Она высвободилась из его объятий и пошла в комнату. Вернулась с двумя маленькими бутылками вина. Убожка улыбался, довольный собой. Во рту он держал две прикуренные сигареты.
– Продолжаем с тобой нарушать правила, Убожка, – сказала она, вытягивая из его губ одну сигарету. – Одна для меня, да?
Она сунула ему в руку бутылку.
– Надеюсь, нас не поймают эти… ну как ты там их называешь-то! Подожди-ка… а, вспомнила! Корпоранты, – захихикала она.

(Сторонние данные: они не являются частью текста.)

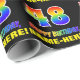 Este colorido, divertido y alegre diseño de papel de envoltura temática de cumpleaños presenta un gran número de "48" y el mensaje "FELIZ CUMPLEAÑOS", ambos con un colorante inspirado en el gradiente del espectro del arcoiris, junto con un audaz nombre del receptor del personalizable amarillo. El fondo es negro de color. Papel de envoltura con temas de cumpleaños divertidos como este puede ser usado para envolver un regalo o regalo que le están dando a alguien que está celebrando su cumpleaños 48. [~Z0000475]
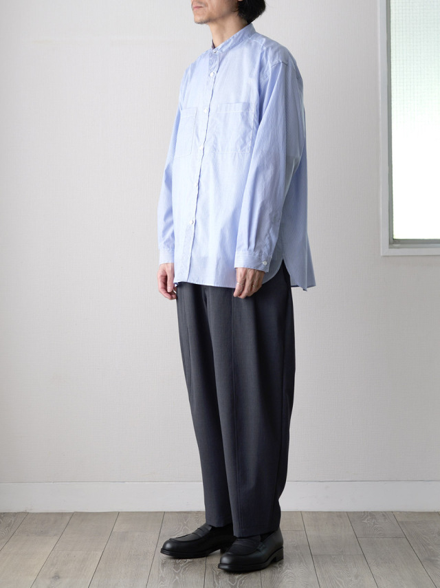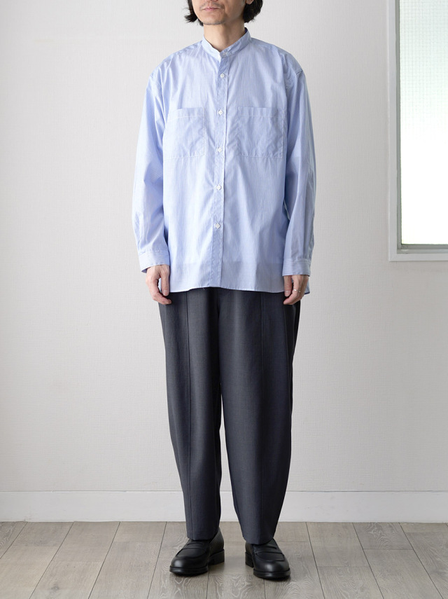 ワタリにゆとりを持たせた深め1タックの中太テーパードシルエット。
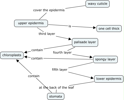 This Concept Map, created with IHMC CmapTools, has information related to: ldz, palisade layer fourth layer spongy layer, palisade layer contain chloroplasts, upper epidermis is one cell thick, lower epidermis at the back of the leaf stomata, upper epidermis third layer palisade layer, waxy cuticle cover the epidermis upper epidermis, spongy layer contain chloroplasts, stomata contain chloroplasts, spongy layer fifth layer lower epidermis
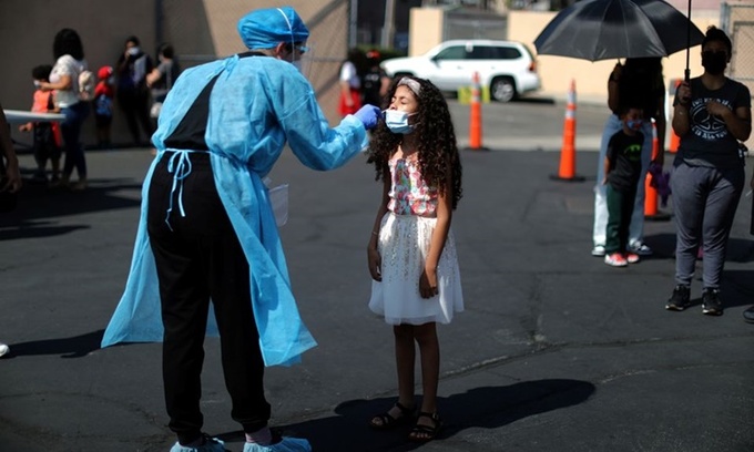 Nhân viên y tế lấy mẫu xét nghiệm Covid-19 cho một em nhỏ tại thành phố Los Angeles, bang California, ngày 12/8. Ảnh: Reuters.
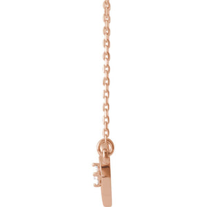 A simplistic yet elegant necklace design with a traditional or trendy style will give you a tailored look that goes from daytime wear to a night out on the town with ease. This small infinity heart necklace created from 14k rose gold features a 3mm (1/10 carat) genuine diamond that is i1 in clarity and G-H in color. The approximate pendant size is 18mm (11/16 inch) in width by 10mm (3/8 inch) in length. The diamond-cut cable chain closes with a spring ring clasp, is 1mm in width and adjusts 16 to 18 inch in length. This is a made to order item and is estimated to ship in about 6-8 days. Please email service@theblackbow.com for more details.
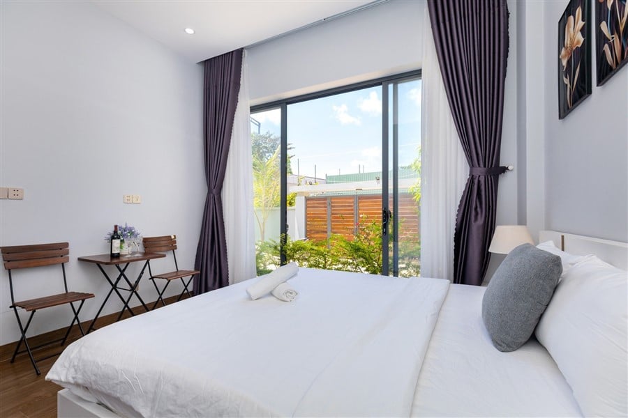 - Diện Tích: 500m2, phòng ngủ thiết kế 2 cửa thông thoáng với vườn

Она залезла в ванну и встала у него за плечом. Поставила свою бутылку на фарфоровую полочку, уставленную стеклянными флакончиками шампуня, бальзама, геля и мыла. Взяла ножницы. Убожка попивал маленькими глоточками вино и курил, иногда что-то радостно насвистывая себе под нос. То и дело он взглядывал на свое отражение в зеркале, с каждым разом все более удивленно.
– А что касается вопроса барышни про степень, так я честно скажу, что у меня ее нет, – он иронично улыбнулся. – Я иногда выражаюсь витиевато, но не думаю, что для этого степень необходима. Даже по полонистике. Я вообще такое мнение имею, что, если уж на то пошло, эти остепененные полонисты никому не нужны. Если что-то невозможно измерить и описать, то какие там, черт побери, вообще могут быть степени? Впрочем, это я так, к слову.
Для батюшки моего по каким-то непонятным причинам очень большое значение имела речь. Способ выражения. Когда он еще находился в плену у азарта, то даже во время покера употреблял красивые обороты и слова. Может, поэтому его никто не понимал и он всегда проигрывал. И я, видать, эту красноречивость от него унаследовал. У нас в доме она в большом почете была. Отец речи очень большое значение придавал. Мама – гораздо меньше, хотя она вот, кстати говоря, как раз курс полонистики окончила, а значит, всяких красивых слов и фигур речи знала больше. Но мамуля всегда считала, что прикосновение гораздо важнее. Поэтому батюшка со мной главным образом разговоры разговаривал, а мамуля обнимала, гладила и целовала. Но пришло время, наверно, лет девять мне было или десять, когда мне очень хотелось, чтобы отец перестал говорить и вместо этого взял меня на колени и утешил, когда я во дворе получал по мордасам или в живот ногой от больших и более сильных ребят. А отец меня после таких вот мордобитий чаще всего красивыми словами стыдил и только иногда, тоже красиво утешал. Но с колен, когда я, тоскуя по отцовской ласке, пробовал туда все-таки залезть, всегда сгонял и спихивал – как будто какого грязного блохастого дворового пса. Такой уж он был – не выносил слабости в мужчинах. А ко мне с самого начала относился как к мужчине, хотя я-то ведь, как и любой другой, долго был ребенком. Конечно, он меня любил на свой особенный лад, но эта его любовь была такая типично отцовская. Я ее должен был заслужить и не заслуживал, по его мнению. И так до конца его жизни и не заслужил.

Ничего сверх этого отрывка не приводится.